Mr. Klontz uses a simple metaphor to explain what is happening to people who are overwhelmed by the crash. The emotional part of the brain is an elephant and the rational part is the guy on its back. When things are going fine, the elephant trudges along and the guy feels in control. But when the elephant gets scared, there is little the guy can do but hold on.

“It’s a scary time,” Mr. Klontz said. “The emotional part of the brain makes 80 per cent of the decisions, and when it really gets activated, it shuts off rational decision-making. It’s lemmings going over a cliff.”

Animal analogies aside, the first step in calming your financial fears is no different from what any talk therapy requires — a recognition of the problem. In this case, people need to realise the stress and anxiety they are feeling is probably overblown. They may have to downsize, but no one is going to beat them up for doing so.

Identify the source

The trigger for this collective anxiety is the wholesale collapse of three things in which Americans invest tremendous pride and self-esteem: homes, jobs and investments. But in most cases none is the root of the anxiety. Dammann, the psychoanalyst, said he had many clients who after losing 50 per cent of their net worth still had tens of millions of dollars left.

To them, lots of money in the bank was not freedom or security. It was who they were. “As their net worth shrinks, their self-worth shrinks,” he said.

The cure is to get them to understand what money means to them. Why do they feel their lives won’t have meaning if they cannot buy expensive clothes, own ever-larger homes and jet around the world on a whim? The answers are no surprise: childhood traumas, fears of inadequacy, a desire to make your success widely known.

“The problem is not the economy,” he said. “It’s all the stuff it’s stirring up.”

Allow yourself to grieve

The toughest thing to get over is the belief that you did everything right, but that someone changed the rules on you. This is an entitlement mentality — not everyone gets to own a home, let alone two or three — but the psychological loss is no less real. People need to grieve.

“It’s a grieving less about the individual thing,” Mr. Klontz said. “It’s the loss of a dream. It’s how you thought things should be.” Without the chance to grieve, he said, “that’s when our thinking becomes rigid and bitter.”
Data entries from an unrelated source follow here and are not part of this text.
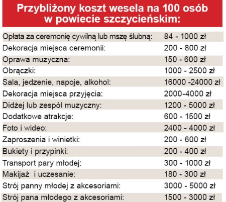 Organizatorka wesel Aneta Samsel z Dworku Marysieńka w Drężku koło Myszyńca mówi nam, że czas oczekiwania na przyjęcie weselne w tym lokalu to dwa lata, jeśli młodzi życzą sobie mieć wesele w miesiącach od kwietnia do października. W pozostałych terminach jest możliwość ustalenia wcześniejszej daty przyjęcia. Najczęściej rezerwacje narzeczeni robią po Nowym Roku, bo właśnie w święta odbywa się najwięcej zaręczyn. Wesela zwykle organizowane są tu na dwieście osób. Koszt „za talerzyk” łącznie z poprawinami wynosi od 180 do 250 zł.
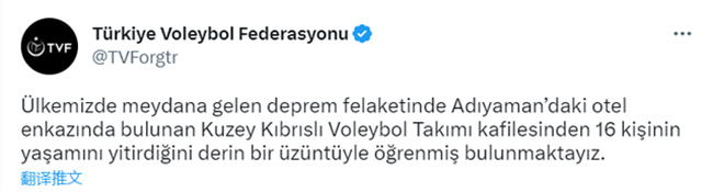 2月11日凌晨,土耳其排球联合会在官方推特上发布消息,受到严重的地震灾害,阿德亚曼酒店在地震中坍塌,救援队在废墟中找到了北塞浦路斯女子排球队的16名队员,全部遇难。排球队员大多数都是十几岁的孩子,却将生命永远暂停在了最灿烂的年华。
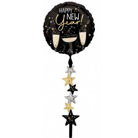 - Ballons étincelants et tendance : logotés Happy New year, bonne année, ou des ballons étoile en 3D, ballons étincelle,
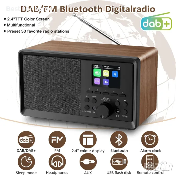 DAB+ и FM цифрово радио с Bluetooth от BIAOQINBO цветен дисплей
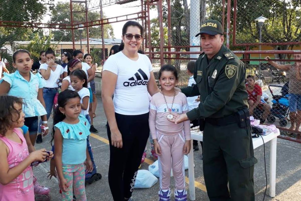 En el marco de la estrategia “Policía Más Cerca del Ciudadano”, el Departamento de Policía Cesar, a través del personal adscrito a la Subestación Los Ángeles, realiza un torneo infantil femenino de patinaje, del cual participaron más de 20 niñas de esta localidad.
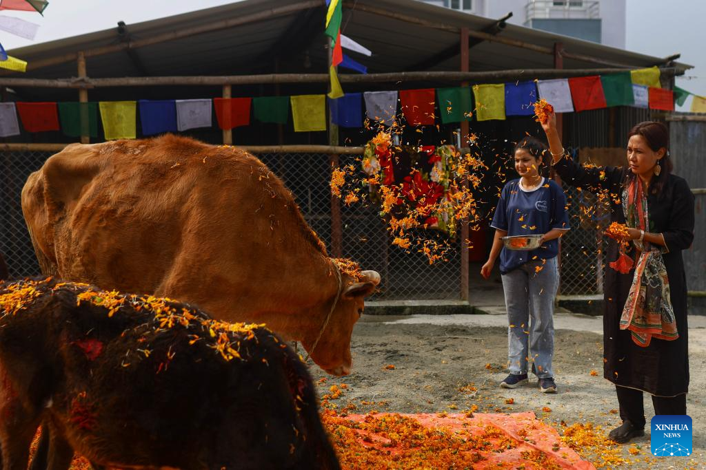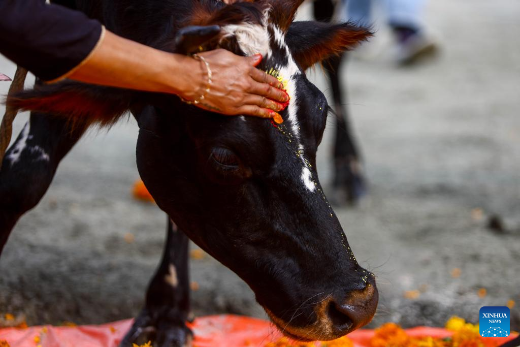 Cows are worshiped during Tihar, also known as the festival of lights, in Lalitpur, Nepal, Nov. 2, 2024. (Photo by Sulav Shrestha/Xinhua)
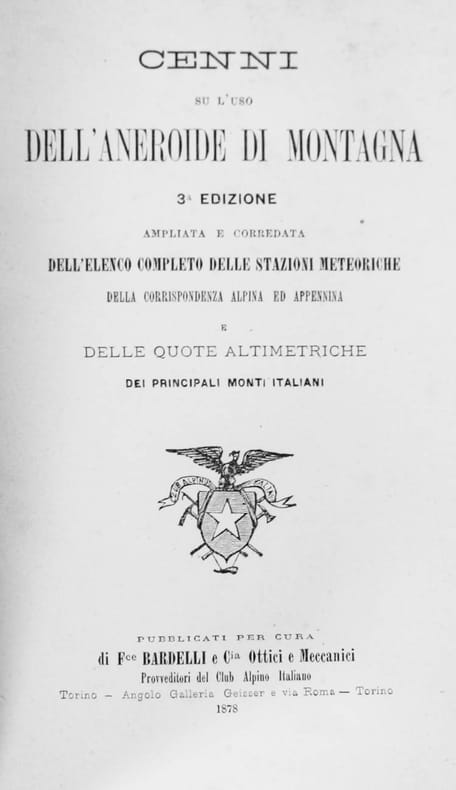 Bardelli, 1878, pt. in-8vo, 57 p., (p.36-57: Elenco delle stazioni meteorologiche della corrispondenza Alpina-Appennina Italiana, Instrumenti...) cartonnage moderne, brochure orig. cons.
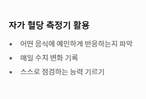 - 자가 측정을 통해 자신의 상태가 당뇨 수치 기준에 부합하는지 꾸준히 확인해야 합니다.
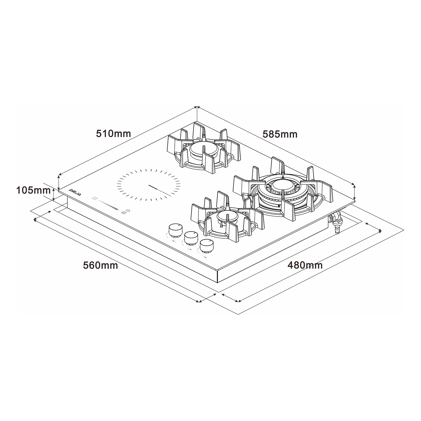 | Quemadores | 3 a gas (11,600 | 6,000 | 3,000 BTU) + 1 eléctrico (1.2 kW – 16.5 cm diámetro) |
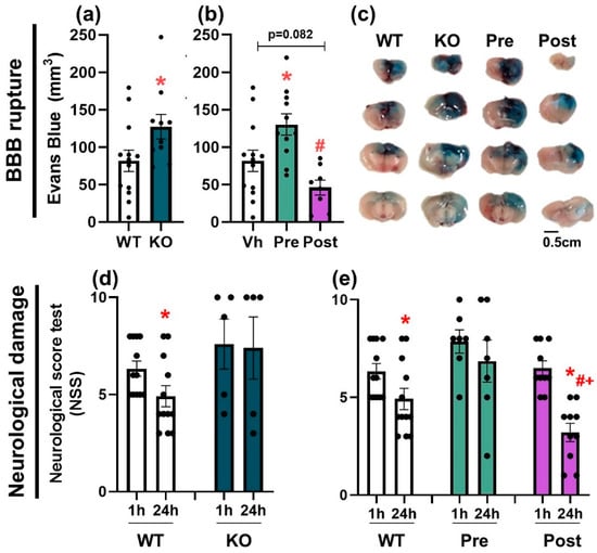 The presence and the activation time of the NLRP3 inflammasome is important for maintaining the integrity of the blood–brain barrier (BBB) and the severity of the neurological damage that occurs after a brain trauma. NLRP3 KO animals pre-treated with the selective inhibitor MCC950 showed an impaired BBB integrity and more neurological damage; these results were improved when MCC950 was given one hour after trauma. BBB rupture was assessed by the amount of the Evans Blue tracer that was extravasated (n = 8–13). The genetic approach to compare WT and NLRP3 KO BBB integrity (Figure 4a,c) showed a significant increase in BBB rupture in KO animals compared to WT (unpaired t-test, t = 2.104; df = 21; p = 0.0476). A pharmacological approach using a selective inhibitor of NLRP3 inflammasome (MCC950, 3 mg/kg) was also included (Figure 4b,c). One-way ANOVA showed a significant effect of treatment (pre, vh, post) (F(2, 29) = 8.341; p = 0.0014). A subsequent Bonferroni test confirmed a significant increase in the BBB rupture in animals pre-treated with MCC950 compared to vh animals (p = 0.0423), a trend to be decreased by the post-treatment (p = 0.082) and a significant difference between pre- and post-treated animals (p = 0.0012). These findings were supported by behavioral tests. The neurological score (NSS) test was performed at 1 h and 24 h after TBI to find differences between the strains (Figure 4d). Kruskal–Wallis showed a significant effect of time (1 h, 24 h) in WT animals (p = 0.034), whereas KO mice did not improve their neurological score at 24 h. Similar results were obtained when using the pharmacological approach (vh, pre, post), inhibiting the NLRP3 inflammasome 30 min prior to the TBI (pre) or 1 h after injury (post) (Figure 4e). Kruskal–Wallis revealed a significant effect of time (1 h, 24 h) in vehicle-treated mice (p = 0.034) and a bigger effect in the post-treated group (p = 0.001). A subsequent Mann–Whitney test showed a significant decrease in the neurological damage of post-treated animals compared to vehicle-treated (p = 0.038) and pre-treated mice (p = 0.006). Taken together, these findings highlight the importance of NLRP3 in maintaining BBB integrity and, thus, affecting neurological damage and the dual time-dependent role of this inflammasome to induce brain repair. In addition, the treatment with MCC950 1 h after TBI reduced the BBB rupture and the neurological damage, suggesting that this selective NLRP3 inhibitor could be a potential treatment for TBI patients if administered within the proper temporal window.
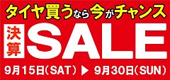 いつもタイヤ館河内長野のホームページをご覧頂き誠にありがとうございます。 いよいよ明日より『決算セール』を開催致します♪♪ セール期間は9月15日(土)~9月30日(日)まで。 秋のお出掛け前のタイヤ交換は、今がチャンスです!! 只今スタッドレスタイヤ大量入荷の為、 夏タイヤ・昨年入荷スタ...
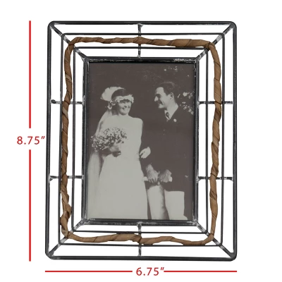 A 4×6 photo frame from Foreside Home & Garden that is the perfect accent to pair with your rustic home décor. Characterized by a mixing of materials, it is a charcoal metal wire frame with slight white distressing, accented by a natural fiber wrapping between layers of metal that soften the look. The glass front will help to protect your photo from dust and other damage. A great option to frame your favorite photo memory on your shelf, desk, side table, mantel, or hung on a wall for a versatile display anywhere in your home.
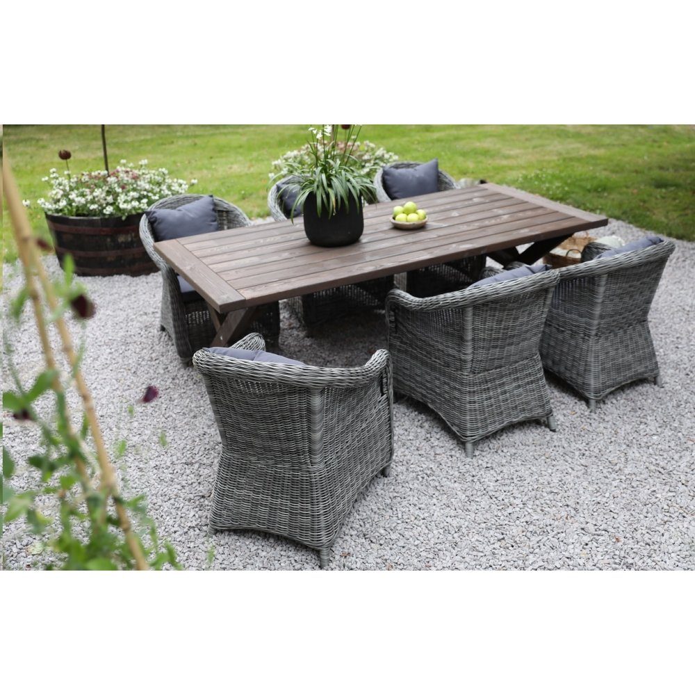 Der Tisch aus der Oxford-Serie vereint Langlebigkeit und Eleganz mit seiner robusten Konstruktion aus braun gebeiztem Holz. Die Tischplatte besteht aus breiten Dielen, die einen rustikalen und natürlichen Eindruck erzeugen, während die stabilen Kreuzbeine sowohl Stil als auch Stabilität verleihen. Das Design des Tisches macht ihn zur perfekten Wahl für größere Innenhöfe oder Terrassen, wo er eine großzügige und einladende Fläche zum Essen mit Freunden oder der Familie im Freien bietet.
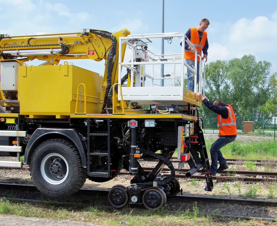 avec une démonstration de la nacelle et le désenrayage du camion Rail route
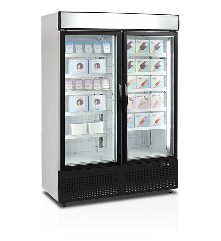 Шафа морозильна зі скляними дверима Tefcold NF5000G призначена для демонстрації та продажу напівфабрикатів, заморожених продуктів, морозива на підприємствах громадського харчування та торгівлі.
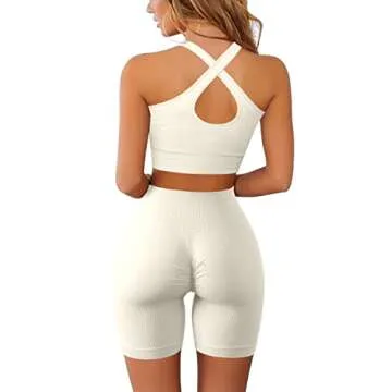 Show moreIntroducing the QINSEN Women's Yoga Shorts 2 Piece Outfits – a perfect blend of style, comfort, and functionality designed for the modern woman who values quality in her activewear. This chic ensemble includes a halter cutout crop top and seamless high waist shorts, designed in a stunning beige color that effortlessly transitions from workout sessions to casual outings. Crafted with breathable and stretchy fabric, this outfit ensures freedom of movement during yoga, running, or any fitness routine. The high waist design not only flatters your figure but also provides essential support for high-impact activities, making it an essential addition to your wardrobe.
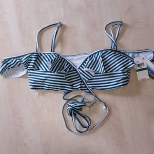 Isabella Rose Avalon Off the Shoulder Bikini Top in Green White Stripe
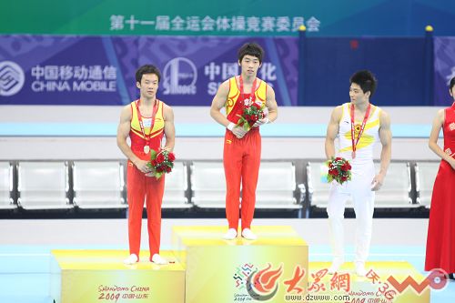 大眾網-山東聯通3G聯合報道(記者 明清 新婷 爾印 隋喬 洪棟)第十一屆全運會體操項目的比賽完美謝幕。最后一輪舉行的是男子單杠項目的比賽,經過激烈的較量, 北京奧運冠軍鄒凱憑借完美的發揮登上冠軍寶座,斬獲金牌,郭偉陽屈居亞軍,呂君海獲得季軍。
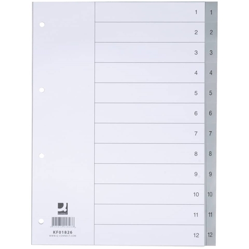 Divisore numerico Q-Connect - grigio - 22,5x29,7 cm - ppl - 1-12
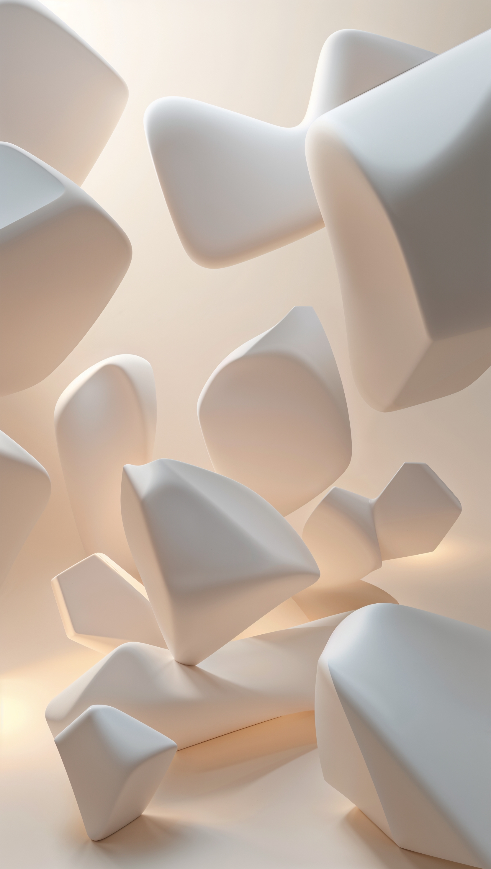 1664x2944 Abstract 3D white shapes with smooth lighting and subtle depth
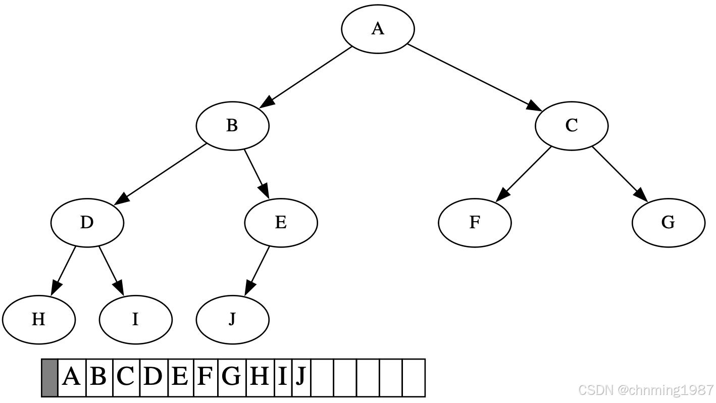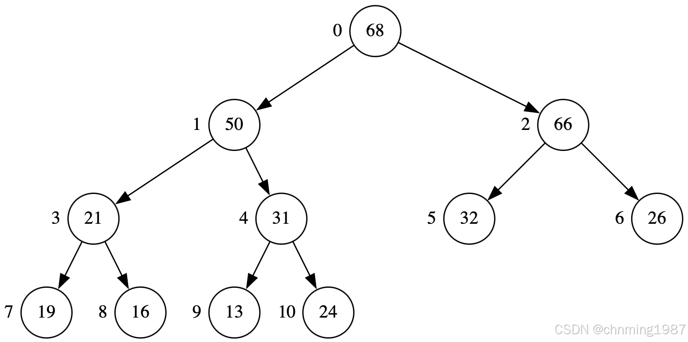因为完全二叉树节点紧凑的特性;我们可以采用array来存储所有节点;其中i标识父节点的索引,则其左右子几点的索引分别为2*i 及2*i+1;如此一颗完全二叉树可以通过array进行表示,同时我们称这种表示法为隐式表述法(implicit representation)。
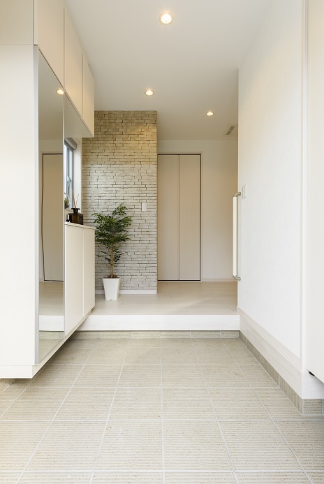 - アクセントにエコカラットを配置した玄関は、正面に収納を設けました。
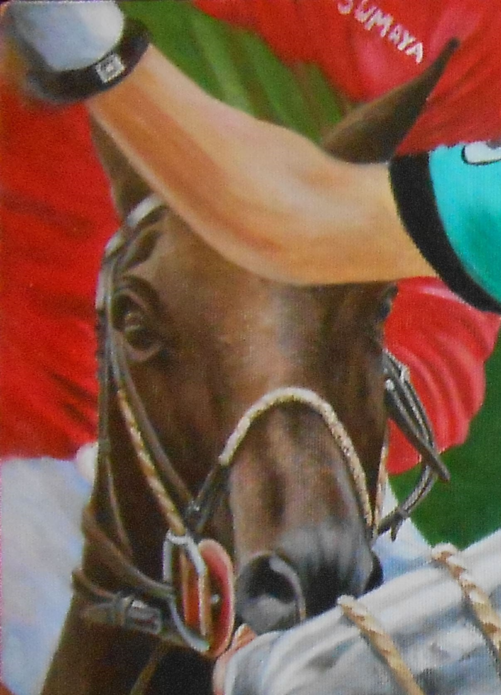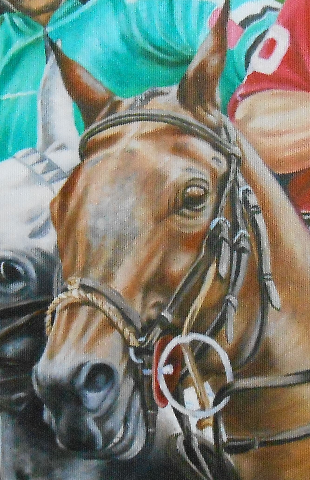 PINTE UN FRAGMENTO DEL JUEGO DE POLO PERO DESTACANDO MÁS LA EXPRESIÓN DE LOS CABALLOS.
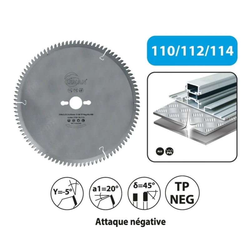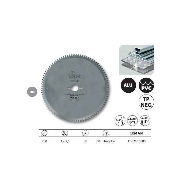 Leman – Lame carbure pour métaux non-ferreux 250x30x80 TP Neg Alu – 112.250.3080
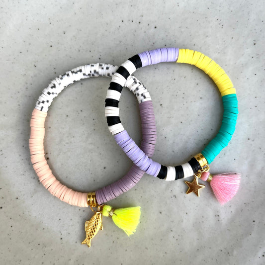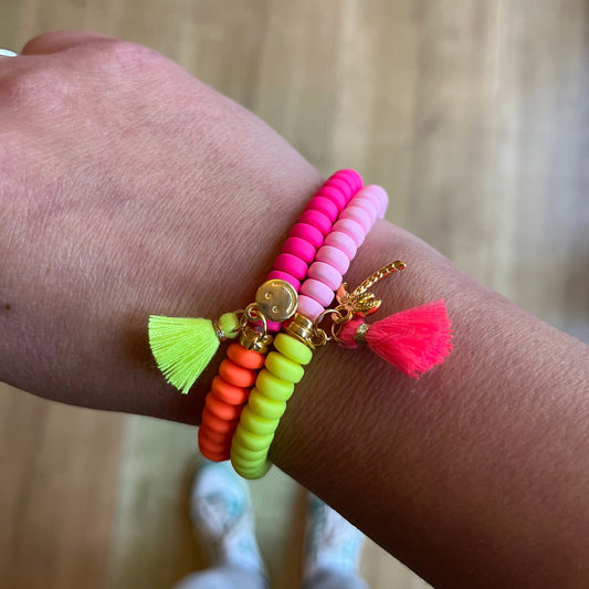 Armband "Neongelb/Rosa", Polymer Perlen
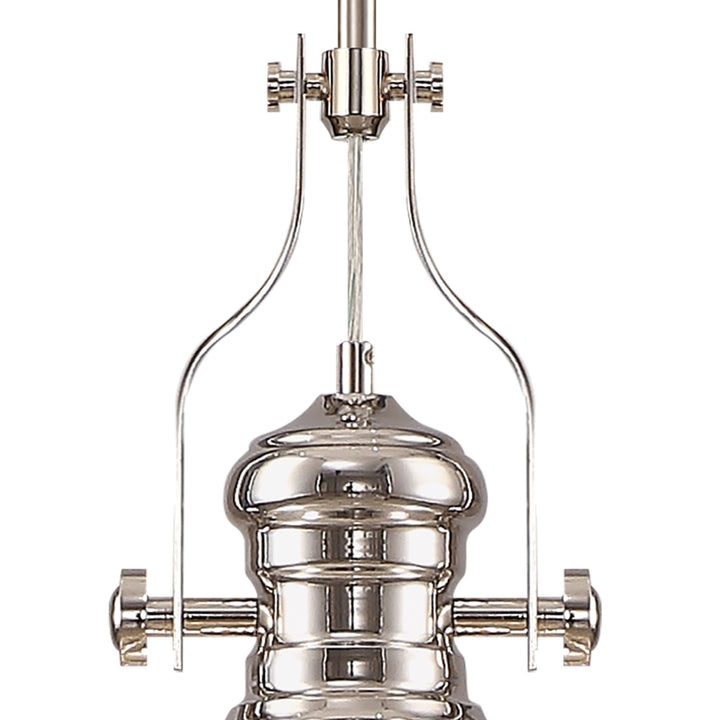 The Nelson Lighting NL7262/PN9 Louis 1 Light Pendant in Polished Nickel and Clear Glass merges modern design with classic styling, perfect for adding a touch of sophistication to any interior setting.

There is consolation for those intent on keeping up with the Joneses. “I’ve been telling people that you’re just as rich now, because everyone has lost 30 per cent,” he said.

Embrace the worst case

Is giving up bottle service in nightclubs and cutting out weekend jaunts to Aruba too much to bear? How about getting to the point where you lose everything — like Bernard L. Madoff’s investors — and have to turn to family members for help? For some the very thought of a life less fabulous is so painful as to be paralysing.

Ted Klontz, Brad’s father, business partner and also a psychologist, has clients visualise the worst thing they could imagine happening to them. For many, either because of pride or because of bad childhood memories, it is asking their family to take them in. Verbalising this fear is the key.

“What an incredible opportunity to talk to your wife about, ‘What do we do if...,”’ he said. “It reduces the anxiety and trauma.”

This might have helped those preparing for the end of days. Ruskin, the detective, said none of his clients’ security fears had materialised, though he was quick to add: “That doesn’t mean it’s not there and it’s not going to happen.”

Past as prologue

Above all, people’s psyches are being wracked by what behavioural economists call present-event bias. This is the belief that what is happening now will always be. The same thing happens in bull markets — values always seem to be rising until they don’t — but it is clearly more painful when wealth is being destroyed. Markets, of course, will go up again. “Folks have been traumatised and damaged psychologically, financially, emotionally,” said Darst, the Morgan Stanley investment strategist. “I was just in Dubai and Saudi Arabia. I had a distinct impression that there was hopefulness about the size and structure of what’s next.”